Firings are easier today.  I have a nice electric kiln with a simple controllable panel where I tell it what temperature to fire too, then leave it and go out shopping.  Simple.

The decoration of pottery has seriously evolved.  You can fire all colours together at the same temperature, and add colour to wet or leather hard clay and bisc ware.   You can even print a photograph from a laser printer and make your own ceramic transfers.

The Story of China Flower Making – Coalport China Museum

Factories in England using hand-made flowers in their designs included Chelsea, Bow Derby and Minton.  ‘Coalbrookdale’ is used as a general term for intricate flower encrusted pottery pieces produced at Coalport.

Handmade porcelain flowers were produced at Meissen in Germany from the early eighteenth century. in 1748 individual flowers accounted for five sixes of the production at the Serves Factory. They were either mounted on wire stems or applied directly to the surface of vases. In the 1750’s the Vincennes factory employed 46 girls making porcelain flowers to be mounted on wire stems with metal leaves.

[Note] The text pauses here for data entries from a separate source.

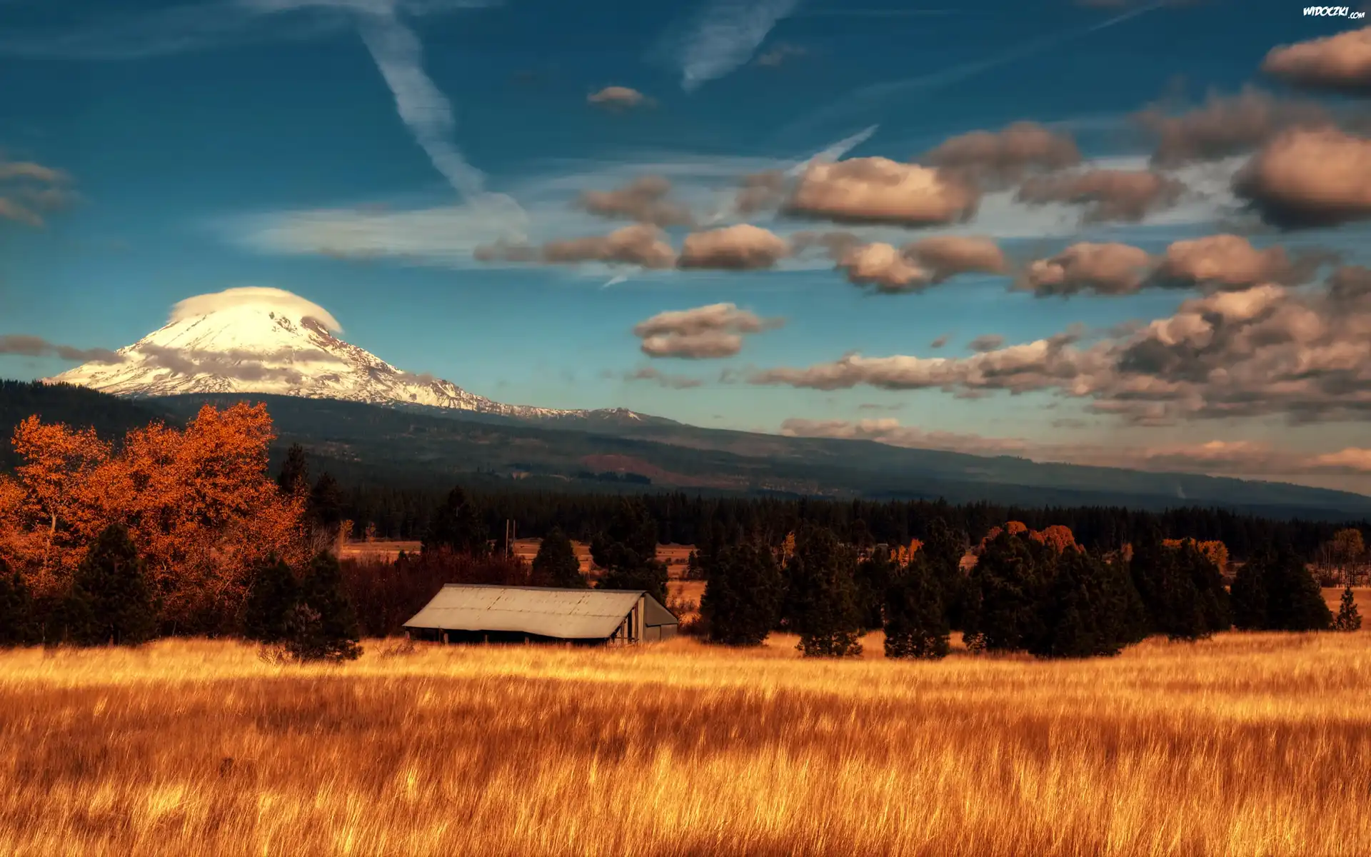 Zdjęcia, Góra, Chmury, Chata, Łąka, Las
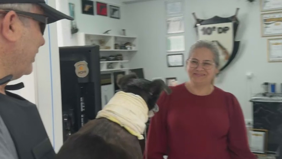 Cachorro idoso é resgatado por policiais após ser encontrado ferido no Paraná. Após recuperação, reencontra tutora em emocionante reencontro.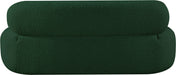 Discover timeless beauty with this Venti boucle fabric living room loveseat that's designed to elevate your interior space. This exceptionally crafted art-deco-inspired chair is part of the Venti collection and boasts an alluring curved shape to add elegance and refinement to your room. Upholstered in rich boucle fabric, the loveseat has a plush texture that's oh-so-cozy against the skin. The art deco styling makes it a real statement piece, whether you place it in your living room, home office, or your favorite reading nook.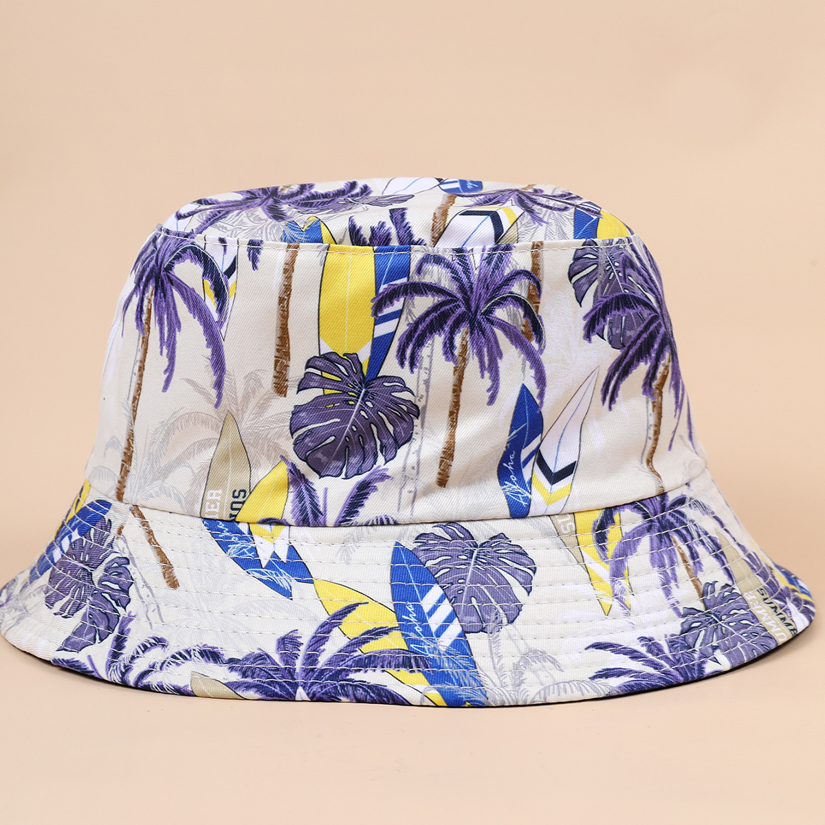 新しい春の夏のココナッツの木の図案の漁師の帽子のプリントの両面の女性の韓国版の潮の日よけの帽子の旅行の日よけの帽子

Madame de Pompadour even had a porcelain flower garden made for wintertime.

Bone china flowers are a well known form of decoration on Coalport China. They were used to decorate a range of Coalport china called Coalbrookdale Ware.
The flowers were made completely by hand from bone china clay.

At the Coalport China Works, this skilled task was usually performed by women. They could each make a china rose in about thirty seconds.

The flower makers required only simple tools.
They would use a comb made from leather, wood or bone to make indentations in the clay and a scalpel for cutting.
The most skilled flower makers had a comb made of bone as a sign of their higher status.

Flower makers today use every day objects such as tea strainers as tools. They rub cooking oil into their hands to prevent the clay sticking.

Bone china clay used to ‘go off’ very quickly and was extremely smelly.
Modern bone china clay contains special chemicals to prevent it ‘going off’ so quickly.

Coalport China Musuem

Coalport was founded in 1795 by John Rose.  The firm later moved to Stoke-on-Trent, Staffordshire, eventually, in the modern day becoming part of the Wedgwood Group.